有名な『五重塔』は岩波文庫にまかせ、軽い上質な人情噺「太郎坊」や「貧乏」で幕をあける。新字新仮名、ルビつきのゆったりした組みで読むと、露伴てどこが難しいのと乗せられる。
「太郎坊」とは二十年来用いた猪口(ちょこ)の愛称である。賤しからず豊からず暮らす家の夕餉の平和な風景、主人は庭に水を打ち、湯に行ったのち縁側で烟草(たばこ)をふかす。その間に細君は燗をつけ、鰺(あじ)の塩焼を肴に運ぶ。「さぞお疲労(くたびれ)でしたろう」と妻がねぎらえば、「労働ぐらい人を幸福にするものは無いかも知れないナ」と主人が受ける。ここを読むとあアと悲しくなる。ついぞそんな言葉をつれあいにかけ得なかった。水を打つ庭はなく、長く親しんだ器もなく、こんなしっくりした仲の夫婦もいまやそうはいまい。その猪口が割れて主人の初恋が穏やかに語られる。
「貧乏」はこれよりずっと下町だろう。遠慮ない夫婦の会話に恋着がほのみえる。帯や衣類(きもの)を飲むほどお銭(あし)がなくとも、この女房は少しもめげない。金や世間体で選んだ男ではないのだ。「一体苦(にが)み走(ばし)りて眼尻(めじり)にたるみ無く、一の字口の少し大(おおき)なるもきっと締(しま)りたるにかえって男らしく、娘にはいかがなれど、浮世の鹹味(からみ)を嘗(な)めて来た女には好かるべきところある肌合なり」
この男が、「厭気(いやけ)がさしたらこの野郎に早く見切りをつけやあナ。惜いもんだが別れてやらあ。汝(てめえ)が未来(このさき)に持っている果報の邪魔(じゃま)はおれはしねえ」。ぐっとくるセリフだ。

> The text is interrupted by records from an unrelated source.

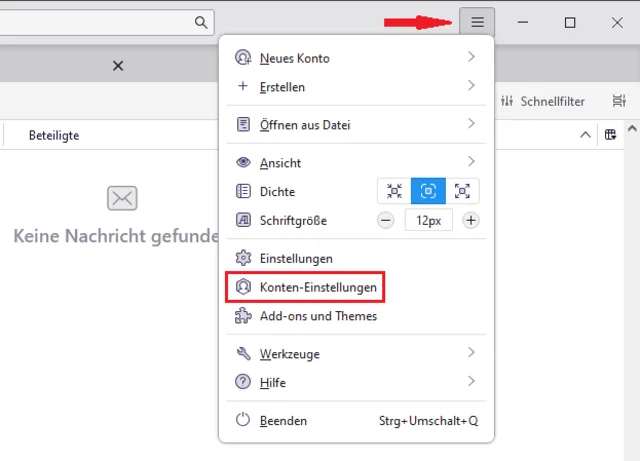 Quelle: PCtipp.chDas Anwendungsmenü verbirgt sich hinter dem Symbol mit den drei Strichen rechts oben. Hier finden Sie die zentralen Einstellungen des E-Mail-Clients, Menüpunkte zur Ansicht und zur Schriftgrösse sowie Add-ons und Werkzeuge. Ein weiteres Menü namens Optionen für den Ordnerbereich öffnet sich nach einem Klick auf die drei Punkte rechts neben dem Button Neue Nachricht. Diesen wiederum nutzen Sie, um eine neue E-Mail zu schreiben.
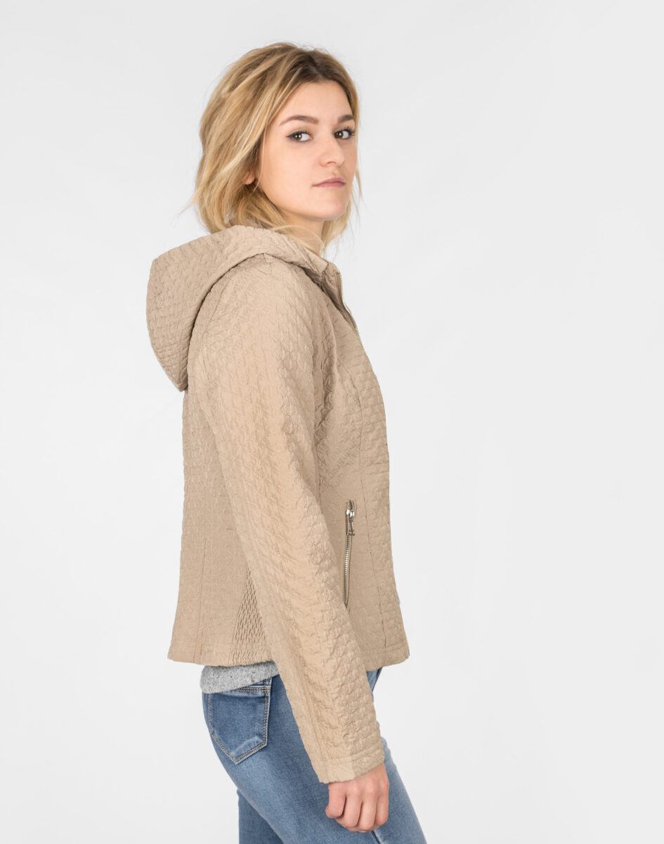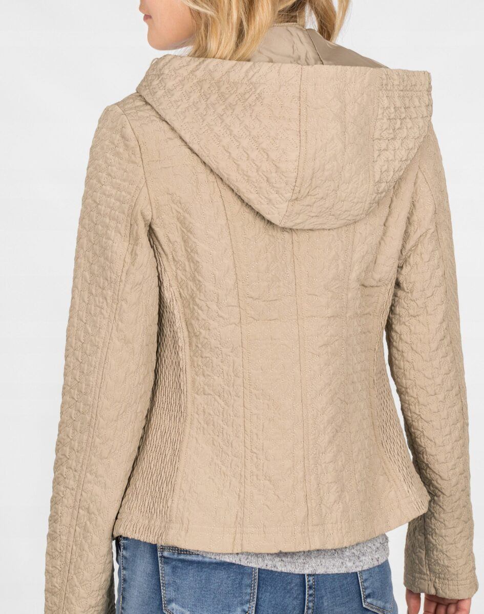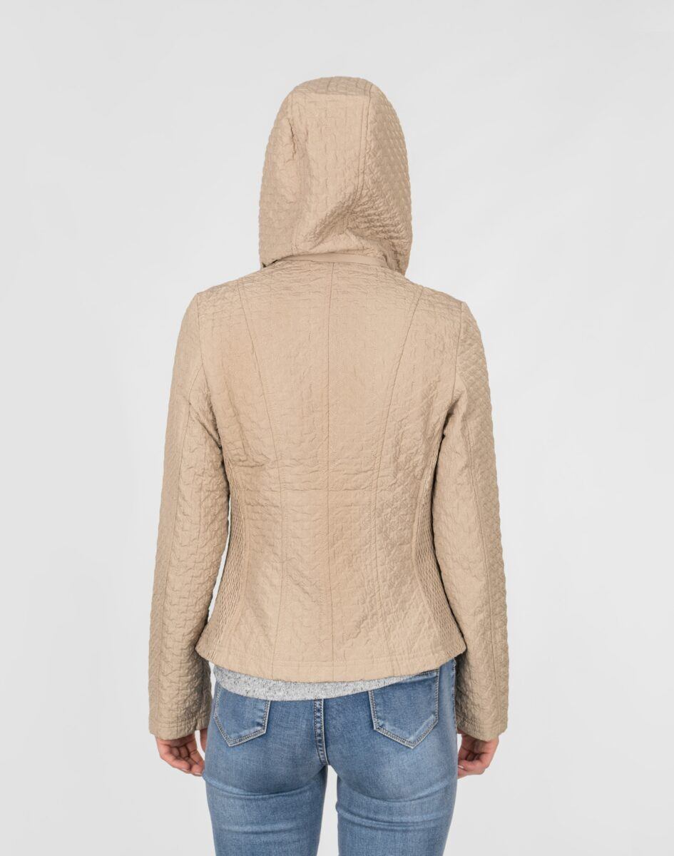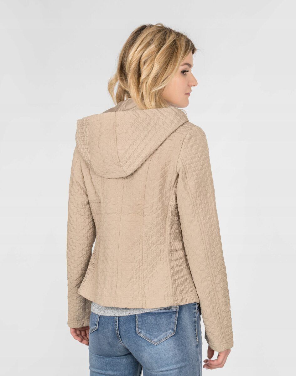 Pikowana lekka kurtka damska przekonująca efektownym, dopasowanym fasonem, zgrabnie podkreślającym kobiecą sylwetkę. Modnie pikowana, zasuwana w całości na zamek błyskawiczny. Po bokach dwie wpuszczane kieszenie na dłonie zasuwane na zamki. Posiada praktyczny odpinany kaptur. Wewnętrzna strona na materiałowej podszewce.
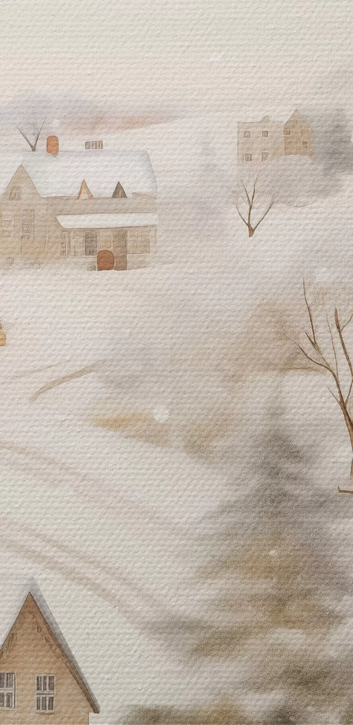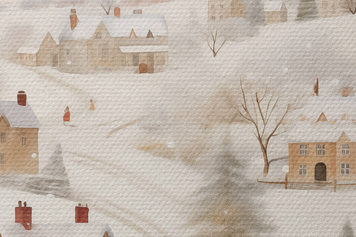 Bild Winterdorf, Aquarell, Schneeflocken, weiche Farben, Bäume, Landschaft Nr r41381
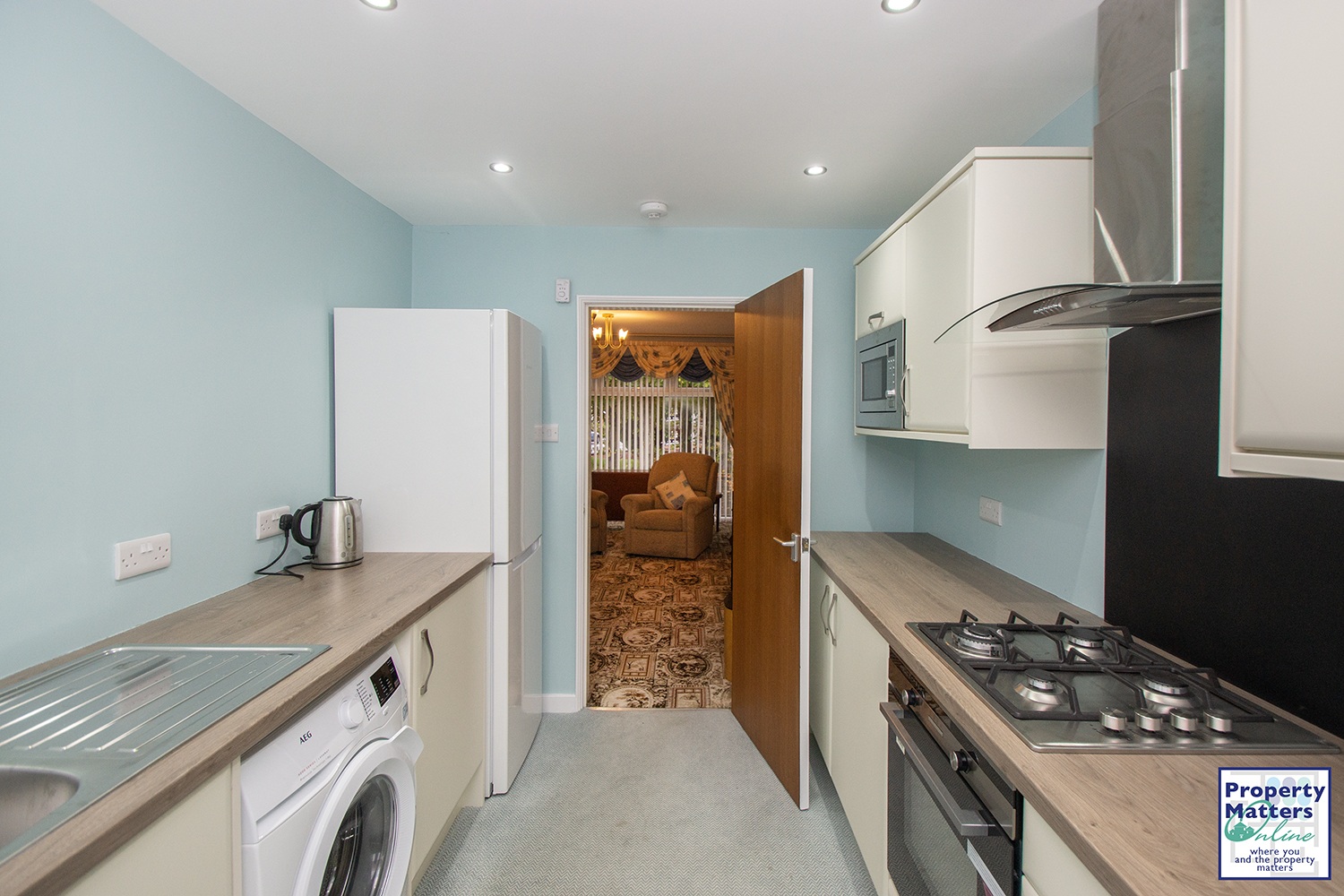 - Contemporary fitted kitchen with integrated hob, oven, and extractor hood
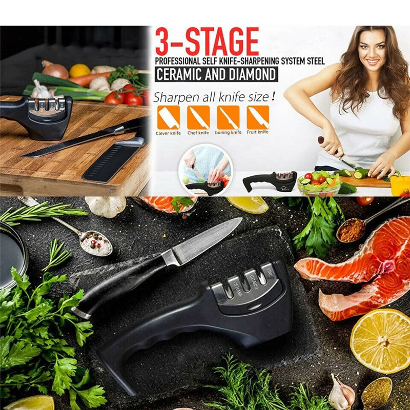 Инструмент для заточки ножей, трехступенчатая Алмазная кухонная утварь из керамики, вольфрама, стали, нескользящий, ручной бриллиант, #40
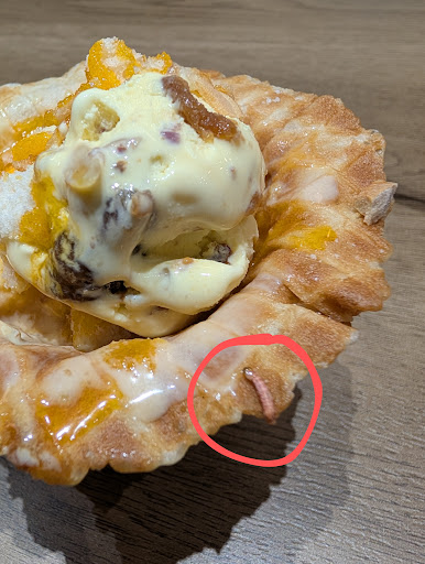 I ordered a dessert and to my absolute horror, I found a live caterpillar embedded in the waffle bowl (attached image as proof). This is completely unacceptable for any food establishment, let alone one that promotes itself as a quality eatery.

いわれた女は「修行(しゅぎょう)を積んだものか泣きもせず、ジロリと男を見たるばかり」「何が何でもわたしゃアいいよ、首になっても列(なら)ぼうわね」。
露伴の女が古いなどとはいわせまい。この意気地と情愛、気合と人間の真率さこそ自立の根拠ではないか。女性にぜひ読んでほしい二作である。
「鵞鳥」はありがたかった。御前製作をする栄誉を得た鋳造師若崎の煩悶と同僚中村の励まし、意地の張り合いを描いた佳品。二人とも職人上りの美校教授らしいが、たぶんふさふさした髪の中村とは高村光雲、痩形小づくりのまめな若崎とは岡崎雪聲のことだろう。光雲には『光雲座談』があるが、雪聲の人となりを知る資料は少ない。モデル小説として読むのは邪道だろうが、岡倉天心とも親交があり、明治三十一年のいわゆる美校騒動では公平な論評をくずさなかった露伴がこの二人をどう描くか。中村の老練、若崎の実直、二人の同時代の名人をじつに生き生きと書き分けている。
選択と配列も見事、松山巌の解説も絶品だ。本書を入門とすれば、岩波版の随筆選集、小説選集がある。絶版だが全集もある。当分楽しめそうだ。と思うとまた少し、生きる勇気が湧く。